4.10 The company's base-case analysis was based on the time of primary endpoint assessment for each treatment, which was week 12 for the TNF‑alpha inhibitors and week 16 for secukinumab. The data from both the MEASURE trials was pooled for secukinumab. The clinical experts advised that because the magnitude of response was similar in MEASURE 1 and 2, it was reasonable for the company to include them both in its meta-analysis. The company's mixed‑treatment comparison showed higher efficacy for secukinumab 150 mg compared with placebo across all outcomes for the whole population and also for the biologic-naive subgroup, with similar efficacy in both populations.
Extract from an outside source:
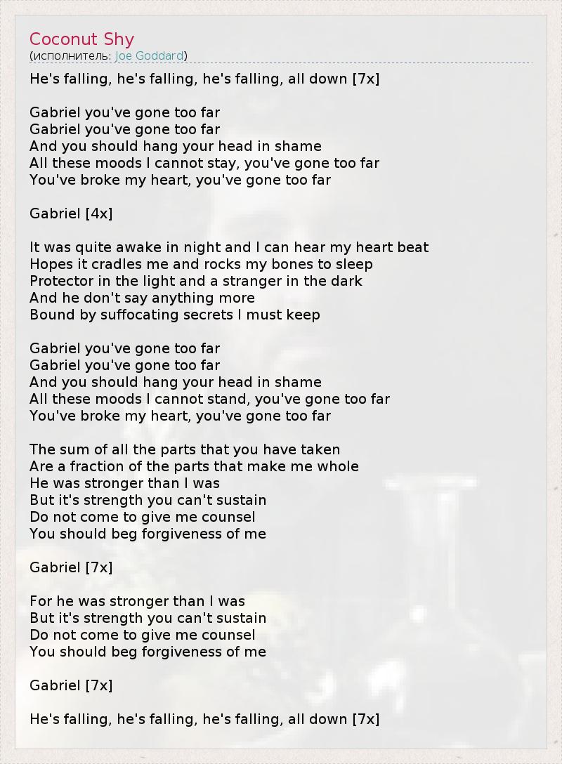 Он падает, он падает, он падает вниз [7x] Габриэль, ты зашел слишком далеко, Габриэль, ты зашел слишком далеко, Ты должен в стыде склонить свою голову, Терпеть не могу эти капризы, ты зашел слишком далеко, Ты разбил мое сердце, ты слишком далеко зашел. Габриэль [4x] В ночной тишине я не могу уснуть и слушаю стук своего сердца, Надеясь, что он убаюкает меня и заставит погрузиться в сон. Покровитель при свете дня и незнакомец во тьме, И он не говорит больше ни слова, Связанный удущающими секретами, которые я должна хранить. Габриэль, ты зашел слишком далеко, Ты должен в стыде склонить свою голову, Терпеть не могу эти капризы, ты зашел слишком далеко, Ты разбил мое сердце, ты слишком далеко зашел. Все те частички, что ты забрал - Это лишь фрагмент того, что делает меня целым. Он был сильнее меня, Но такую силу нельзя выдержать, Не приходи, чтобы давать мне советы, Ты должен умолять меня о прощении. Габриэль [7x] Ведь он был сильнее меня, Но такую силу нельзя выдержать, Не приходи, чтобы давать мне советы, Ты должен умолять меня о прощении. Габриэль [7x] Он падает, он падает, он падает вниз [7x]

The committee concluded that secukinumab has a similar efficacy to the TNF‑alpha inhibitors.
Cost effectiveness
4.11 The committee discussed the cost-effectiveness evidence presented by the company and its critique by the ERG. The cost-effectiveness evidence is in the company's submission (pages 156–239), in the company's response to clarification and in the ERG report (pages 88–186).
The company's model
4.12 The company based its model's structure on the York model developed for NICE's technology appraisal guidance on TNF-alpha inhibitors for AS. The committee noted that the York model had been criticised by the committee for that appraisal for the manner in which the response rates and absolute change from baseline at the end of the induction period were derived independently from evidence synthesis. The committee acknowledged the ERG's comment that an alternative model, such as patient-level simulation, could have been used. This would have reflected patient heterogeneity, the dependence between baseline BASDAI and BASFI values, the change from baseline values and response rates at the end of the induction period. However, the committee concluded that for the purposes of this appraisal, the broad principles of the York model were appropriate.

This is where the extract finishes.